Enum types are special as they already have a static valueOf method. If this one does not fit your need add a fromString method to your enum type that has the same characteristics as the valueOf method mentioned above.

  1. The type is List<T>, Set<T>, or SortedSet<T>, where T satisfies criterion 2 or 3.

So, when you use a self-defined class (including enum classes) along with @PathParam, @QueryParam, or @HeaderParam make sure your class satisfies criterion 2 or 3.

As an example lets revisit the getTopicmap method from the previous section:

    @GET
    @Path("/{id}")
    @Override
    public Topicmap getTopicmap(@PathParam("id") long topicmapId) {
        ...
    }

Now you know how exactly the JAX-RS implementation extracts the topicmapId parameter value from the HTTP request:

The topicmapId value is extracted from the request's URI path and then converted to a long. Here criterion 1 is satisfied and the conversion is straight-forward.

Parsing the HTTP request body

Until here we talked about how to extract values from the HTTP request's path, the request's query string, or the request headers. This section describes how to feed the HTTP request body into your service methods. Feeding here refers to a) parsing the body's byte stream, b) constructing a Java object from it, and passing that Java object to a particular service method.
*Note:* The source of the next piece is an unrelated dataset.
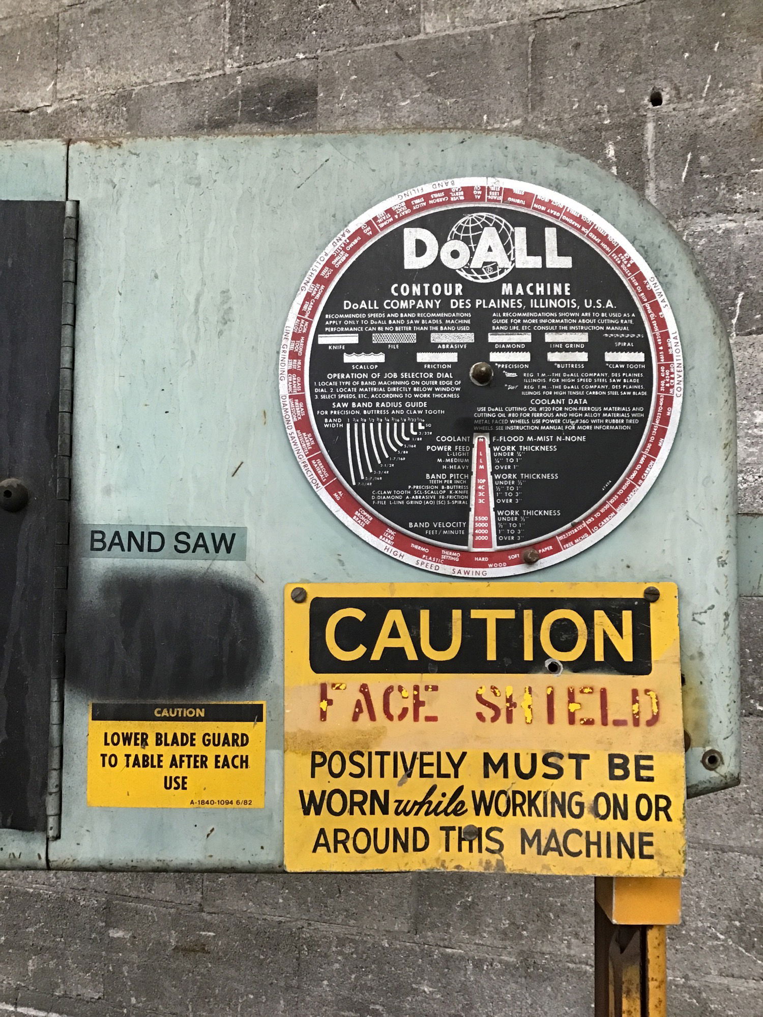 Absolute unit of a bandsaw with a great patina and so many cool warning labels it might as well be playing the Shaking Hands With Danger bass riff. Would make for a super sweet conversion into a bar or room divider. Takes three phase power, so we were unable to test in house. USE AT YOUR OWN RISK!

JAX-RS can't know how to construct arbitrary application objects from a sole byte stream. That's why JAX-RS comprises a extension facility called Provider Classes. A provider class is responsible to read the request body, parse it, and construct an particular application object from it. It is the duty of the application developer to implement the required provider classes for the application objects.

A service method that want to receive the constructed application object must have a dedicated parameter called (in JAX-RS speak) the Entity Parameter. The entity parameter stands for the entity that is represented in the request body. Unlike the other service method parameters the entity parameter has no annotation. A service method can have one entity parameter at most (a HTTP request has one body).

To feed the HTTP request body into a service method you must:

  • Add an entity parameter to the service method. That is a parameter without any annotation.
  • Implement a provider class for the type of the entity parameter, resp. make sure such a provider class already exists (as part of the DeepaMehta Core or one of the installed DeepaMehta plugins).